Que vous inspire le combat des Arméniens de la diaspora pour la reconnaissance du génocide par la Turquie ?

La reconnaissance du génocide ne signifie rien pour moi. Le monde ne va pas apprendre l’existence du génocide des Arméniens aujourd’hui. Il le sait déjà. À l’époque, les États-Unis, la France, l’Angleterre, l’Allemagne et l’Autriche savaient que c’était un génocide et, aujourd’hui, ils n’utilisent cette question que comme une arme diplomatique contre la Turquie.

Mais moi, en tant qu’Arménien, je n’ai aucun doute sur mon histoire ni sur ce qu’il s’est passé : c’est un génocide. Je ne le dis pas en étant en diaspora mais en tant que citoyen turc. Je le dis non seulement en arménien mais aussi en turc. Si la Turquie reconnaît le génocide, qu’est ce que cela signifiera ? Que le génocide va devenir une réalité ? Ce qui s’est passé s’est passé et cette réalité, en tant qu’arménien, je la porte sur mes épaules jusqu’à la fin de ma vie.
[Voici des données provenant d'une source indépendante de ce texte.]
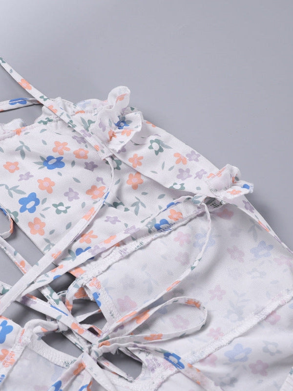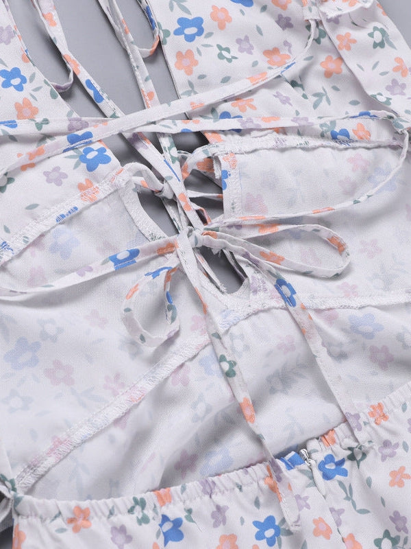 Floral Print Backless Laceup Cutout Split Dress

Les seuls qui ne savent pas ce qu’il s’est passé, c’est la population de ce pays. Moi qui vis dans ce pays, je peux dire que la population turque ne sait pas ce qu’il s’est passé et ne défend que ce qu’on lui a appris. La seule obligation que l’on a aujourd’hui, c’est d’apprendre la réalité au peuple turc. C’est ça notre devoir. Et non pas que d’autres Etats fassent pression sur ce pays pour le forcer à édicter des lois. Ça, ce n’est pas une voie sérieuse. La voie sérieuse, c’est d’éveiller la conscience du peuple turc.

Vous privilégiez plutôt un travail de fond, à l’intérieur de la société turque ?
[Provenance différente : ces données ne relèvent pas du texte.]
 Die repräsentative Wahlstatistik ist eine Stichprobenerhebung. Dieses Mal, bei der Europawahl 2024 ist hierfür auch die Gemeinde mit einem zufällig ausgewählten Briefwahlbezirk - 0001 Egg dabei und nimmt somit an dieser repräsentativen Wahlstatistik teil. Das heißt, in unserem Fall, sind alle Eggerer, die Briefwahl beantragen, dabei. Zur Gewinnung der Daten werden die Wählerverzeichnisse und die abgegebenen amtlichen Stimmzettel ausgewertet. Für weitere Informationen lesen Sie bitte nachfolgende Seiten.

Je ne revendique pas que la Turquie reconnaisse le génocide, je ne mendie pas qu’elle le reconnaisse. Il y a une chose que je souhaite, c’est que le peuple turc examine son histoire, connaisse la réalité. Pour son avenir. Pour son avenir démocratique. S’il ne le fait pas, la Turquie ne deviendra jamais une démocratie. L’Etat et le peuple turcs ne vont évidemment pas dire soudainement « Nous reconnaissons ». Ce n’est pas comme cela que ça va se passer. Mais, au fil du temps, dans la population, la vérité va apparaître progressivement et nous verrons alors que la population turque commémorera le 24 avril à nos côtés et partagera notre douleur.

Vous êtes favorable à l’intégration de la Turquie à l’Union européenne parce que le travail de mémoire et la démocratisation de la Turquie en dépendent ?

Absolument. Non seulement je tiens à l’intégration mais je travaille pour cela. J’ai beaucoup de raisons de la souhaiter : je suis citoyen turc, je suis européen, je veux vivre avec les pays civilisés d’Europe, sans inquiétudes, sans problèmes, avec les libertés qu’offre l’Europe. Je veux pouvoir me développer, développer ma culture. C’est cela qui me préoccupe.

La Turquie actuelle a le souhait de rentrer dans l’Union européenne mais dans l’état actuel des choses, elle ne répond pas aux critères. Si on lui offre la possibilité d’intégrer l’Union européenne, le processus de démocratisation va s’accélérer. En revanche, si l’intégration est bloquée, la Turquie abandonnera cette voie pour une autre. Même si économiquement, démocratiquement et culturellement, elle n’est pas au niveau de l’Europe, elle a la volonté de l’être et c’est à cette volonté qu’il faut ouvrir une porte.